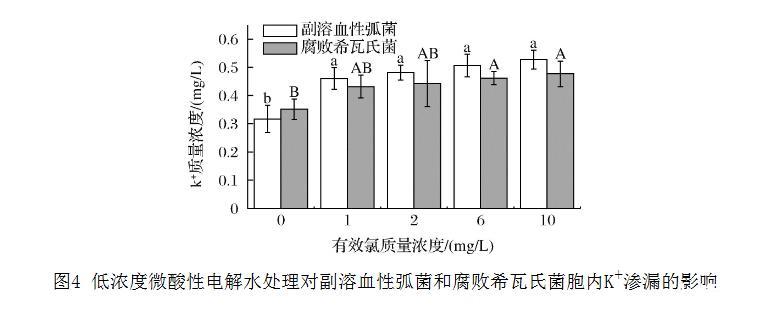 K+是细菌内最丰富的阳离子,参与基本的生命活动,并调节细胞的渗透压和氧化还原电位。钾通道的激活和钾离子的泄漏与超极化现象密切相关,K+的泄漏已被用来监测抗菌剂造成的细菌膜破坏。如图4所示,除了腐败希瓦氏菌在有效氯浓度为1、2毫克/升时,经低浓度微酸性电解水处理后2种细菌的上清液中K+浓度都具有显著性差异,与膜电位检测结果完全吻合。细胞内K+的损失会造成多种代谢途径受阻,破坏细胞渗透压的调节和内环境稳定。
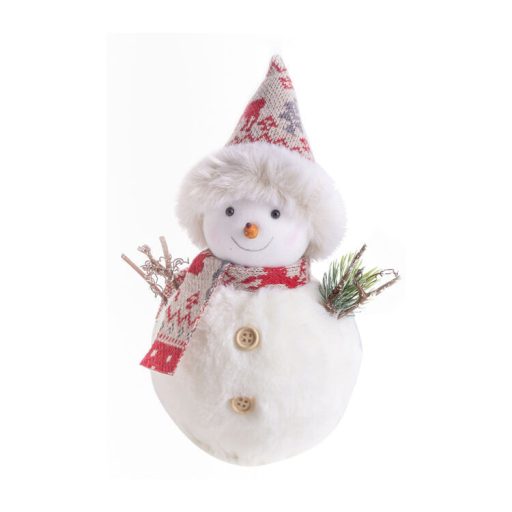 Karácsonyi dekoráció (hóember piros sállal-sapkával, 22 cm)
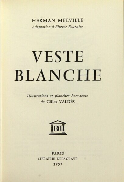 20. [White Jacket, in French.] Veste blanche ... Adaptation d'Éliézer Fournier ... Illustrations et planches hors-text de Gilles Valdès . Paris: Librairie Delagrave, 1957.
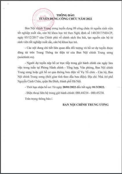 Ban Nội chính Trung ương thông báo tuyển dụng công chức năm 2022 từ nguồn sinh viên tốt nghiệp xuất sắc, cán bộ khoa học trẻ theo Nghị định số 140/2017/NĐ-CP ngày 05/12/2017 của Chính phủ

-------

Assigned task> Every line above needs to be written out again as it stands. Pictures do not belong in the copy.

Exercise answer>
 K+是细菌内最丰富的阳离子,参与基本的生命活动,并调节细胞的渗透压和氧化还原电位。钾通道的激活和钾离子的泄漏与超极化现象密切相关,K+的泄漏已被用来监测抗菌剂造成的细菌膜破坏。如图4所示,除了腐败希瓦氏菌在有效氯浓度为1、2毫克/升时,经低浓度微酸性电解水处理后2种细菌的上清液中K+浓度都具有显著性差异,与膜电位检测结果完全吻合。细胞内K+的损失会造成多种代谢途径受阻,破坏细胞渗透压的调节和内环境稳定。
 Karácsonyi dekoráció (hóember piros sállal-sapkával, 22 cm)
 20. [White Jacket, in French.] Veste blanche ... Adaptation d'Éliézer Fournier ... Illustrations et planches hors-text de Gilles Valdès . Paris: Librairie Delagrave, 1957.
 Ban Nội chính Trung ương thông báo tuyển dụng công chức năm 2022 từ nguồn sinh viên tốt nghiệp xuất sắc, cán bộ khoa học trẻ theo Nghị định số 140/2017/NĐ-CP ngày 05/12/2017 của Chính phủ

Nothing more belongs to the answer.